The gene products of phages have been extensively studied, and some have been shown to inhibit the growth and division of host bacteria by targeting proteins with important physiological function, especially bacterial cell division. Kil, a small polypeptide from phage λ, interferes with the formation of Z-ring in Escherichia coli, preventing bacterial division and causing continuous elongation (Conter et al., 1996; Haeusser et al., 2014; Hernandez-Rocamora et al., 2015). Similarly, the key bacterial division protein FtsZ has been confirmed as the target of Gp0.4 (Kiro et al., 2013; Simpkin Adam and Rigden, 2016), a gene product of phage T7, and the small polypeptide Hdi from phage T5 (Mahata et al., 2023). Simpkin Adam and Rigden (2016) predicted the structure of Gp0.4 and FtsZ, constructing a “U” model that serves as a representative for Gp0.4 analysis. Bioinformatics analysis revealed that the two α-helices of Gp0.4 could bind to the helices 1, 5, and 7 of the FtsZ protein. Phage peptides do not only target FtsZ proteins. De Smet et al. (2021) reported that Lgy, an early gene of Pseudomonas aeruginosa phage LUZ24 inhibits the DNA gyrase, thereby preventing colony formation and causing severe filamentous growth (Wagemans et al., 2015). Xu et al. (2024) discovered that protein Gp11 of Staphylococcus aureus phage ΦNM1 blocks cell division by inhibiting peptidoglycan biosynthesis. In addition, it has been reported that some bacteriophage proteins, such as the protein p56 of Bacillus subtilis phage phi29 and the UGI proteins of B. subtilis phages PBS-1 and PBS-2, utilize negatively charged amino acids to mimic the charge distribution of DNA and bind to uracil-DNA glycosylase to inhibit its activity (Serrano-Heras et al., 2007; Mol et al., 1995; Pearl and Savva, 1995; Savva and Pearl, 1995). Interestingly, this type of uracil-DNA glycosylase inhibitor is also present in bacteria, and the S. aureus protein SAUGI is the first discovered in other than bacteriophages (Wang et al., 2014).

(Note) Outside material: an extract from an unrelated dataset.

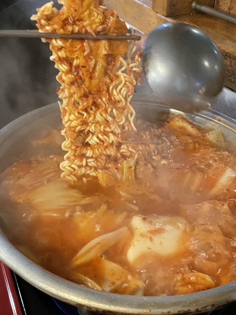 김치찌개가 끓어오르면 라면사리를 투하한다.

P1 phage is a temperate phage with a double-stranded DNA genome of approximately 49.8 kb, comprising at least 119 genes (Gonzales et al., 2022). Early studies revealed that Icd (Interference with Cell Division) of phage P1 can disrupt host division (Riedel et al., 1993). This small protein consists of 73 amino acids with a molecular weight of 7.3 kDa, but its target has not yet been determined.

In this study, we found that Icd caused abnormal localization of FtsZ in vivo and determined, through bacterial two-hybrid and pull-down assays, that Icd inhibited bacterial division by directly binding to FtsZ. We also discovered that amino acids 12–51 of Icd was the core region which can effectively inhibit bacterial division.

Materials and methods

Bacterial strains, plasmids, and growth conditions

The strains were grown on LB or LB agar and cultured at 37°C under oxic conditions. Liquid cultures were incubated at 37°C in an oxic environment at 220 rpm. Plasmids were constructed using standard molecular biology techniques. Templates, primers, and enzymes were added to the PCR system to amplify the DNA fragments. The DNA was digested and ligated according to the reagent instructions, and the correct recombinant plasmid was screened through colony verification and confirmed by sequencing. The strains and plasmids used in this study are listed in Supplementary Table S1, and the primers are listed in Supplementary Table S2. The dual expression plasmid pBAD22a- ftsZ-icd was constructed, in which ftsZ and icd genes had their own ribosome binding site (rbs).

In vivo toxicity analysis

The monoclonal E. coli containing the pBAD22a plasmid was inoculated into 5 mL of LB liquid medium with the appropriate antibiotics. The spectrophotometer was calibrated, and once the bacterial culture reached an OD₆₀₀ of approximately 0.4, arabinose was added to a final concentration of 0.2% to induce gene expression for 3 h. The sample with 10 μL of the bacterial solution was then taken, spotted onto LB agar, and covered with a coverslip for observation under a microscope. Cell lengths were measured for each mutant, and the results were reported as the mean ± SD. Additionally, we spotted 5 μL of dilutions from a dilution series onto LB agar plates. The plates were dried, inverted, and incubated overnight at 37°C. The number of viable bacteria was counted the next day.

For the growth curve analysis, once the bacterial culture reached an OD₆₀₀ of approximately 0.4, 100 μL of culture was transferred into 20 mL of fresh LB medium. L-arabinose was added to a final concentration of 0.2%, and the culture was incubated in a constant temperature shaker at 37°C and 220 rpm. OD₆₀₀ was measured at hourly intervals, and the data was used to generate a growth curve.

Microscopy and image acquisition

Fluorescence image visualization of the Z ring used a mutant strain FtsZ-G55-mNeonGreen-Q56, which replaced genomic ftsZ with ftsZ-mNeonGreen under its normal genomic control (Moore et al., 2017). After the plasmid pBAD22a carrying the icd gene was transferred into the strain, the bacteria were cultured in LB medium with 100 μg/mL carbenicillin until the OD₆₀₀ reached ~0.4, followed by the addition of 0.2% arabinose for induction at 37°C for 3 h. A droplet with 10 μL of bacterial cells was placed onto an agarose spacer, and the cells were visualized using a Leica DMI3000B fluorescence microscope. A common light source was used to observe bacterial morphology, while a mercury lamp was employed for fluorescence observation, with an excitation wavelength of 488 nm for mNeonGreen. The lengths of individual cells were measured, and the results are presented as mean ± SD.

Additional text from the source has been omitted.